Les origines de la légende
Une évolution des esprits se produit après 1815. La Restauration (1814-1830) provoque une déception générale. De retour d'émigration, les nobles estiments leur mérites mal récompensés (Le lys dans la vallée de Balzac). Les ouvriers regrettent la période de plein emploi et de hauts salaire qu'a été l'Empire. Les paysans qui formèrent la masse des troupes de la Grande Armée écoutent le soir, à la veillée, les survivants raconter et embellir leurs exploits: une telle scène figure dans Le médecin de campagne de Balzac.
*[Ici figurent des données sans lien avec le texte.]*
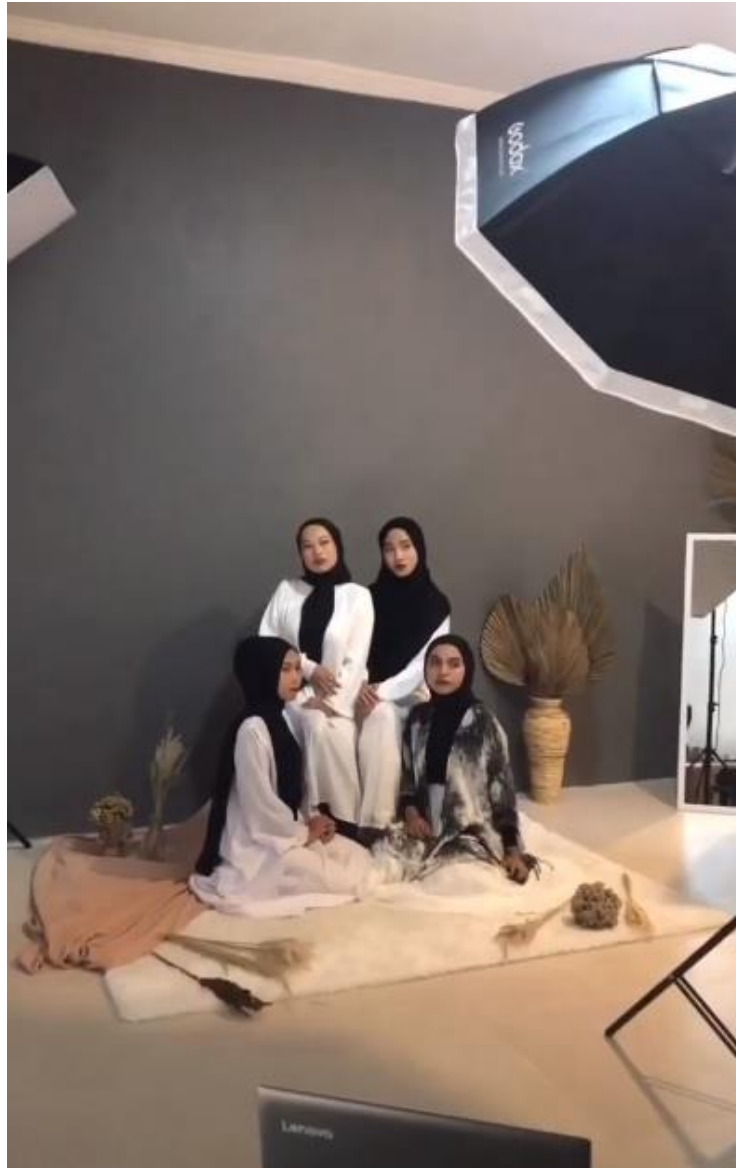
Gambar II. 12 Keadaan Studio Saat Melakukan Pemotretan

Enfin, toute une génération, née avec l'Empire et élevée dans le sentiment de la gloire, découvre une France frileuse, où le port de la soutane remplace le prestige de l'uniforme. La lecture du Mémorial de Sainte-Hélène (1823), le plus grand succès de librairie du siècle, cristallie regrets et nostalgie: Napoléon, qui a dicté ses souvenirs à Las Cases, s'y présente comme le continuateur de la Révolution, désireux du bonheur du bonheur des peuples, et, pour cette raison, haï des rois. Pour beaucoup, Napoléon devient le héros par excellence, le "père du peuple", le martyr de la Révolution. Avec Béranger, la chanson populaire diffuse son culte. Bravant les interdictions royales, les colporteurs vendent gravures, images et statuettes de l'Empereur, aussitôt vénérées.
Le héros épique
Mais c'est surtout la littérature qui donne à la légende son principal support. Royaliste à l'origine et avant de se tourner vers le libéralisme, le Romantisme verse dans un "bonapartisme poétique", où l'aspect grandiose du personnage l'emporte sur la politique du chef d'Etat. La fin solitaire du maître de l'Europe sur le rocher de Sainte Hélène (5 mai 1821) frappe les esprits. Julien Sorel, pour qui Napoléon symbolise l'homme energique dévore le Mémorial avec des "transports d'amour". Balzac, qui évoque sa figure dans plusieurs de ses romans, n'est pas loin de le considérer comme unn second Prométhée. Hugo chante dans Les Orientales le "héros éblouissant et sombre". Il transforme l'aventure napoléonienne en épopée et en combat politique contre Napoléon III, qu'il surnomme "Napoléon le Petit", par opposition au grand Napoléon. La légende, qui atteint son apogée lors du retour des cendes de l'Empereur (1840), a en effet été si forte qu'elle a contrtibué à la naissance du Second Empire (1852-1870). Après 1870 et la perte de l'Alsace Lorraine, le mythe napoléonien acquiert une nouvelle dimension: celle du "sauveur" que la France attend pour reconquérir les provinces annexées par l'Allemagne. En même temps, la légende se répand hors des frontières. Les Russes Dostoievski (Les frères Karamazof, 1879-1880) et Tolstoï (Guerre et Paix 1865-1869) la véhiculent par exemple. Le présentant tour à tour comme un césar des temps modernes, l'"Homme de la Providence", comme un dictateur ou un héros d'épopée, la légende de Napoléon demeure vivace et contrastée à l'aube du XXeme siècle, où la littérature et le cinéma lui consacreront, à travbers le monde entier, plus de livres et de films qu'a aucun autre personnage de l'histoire.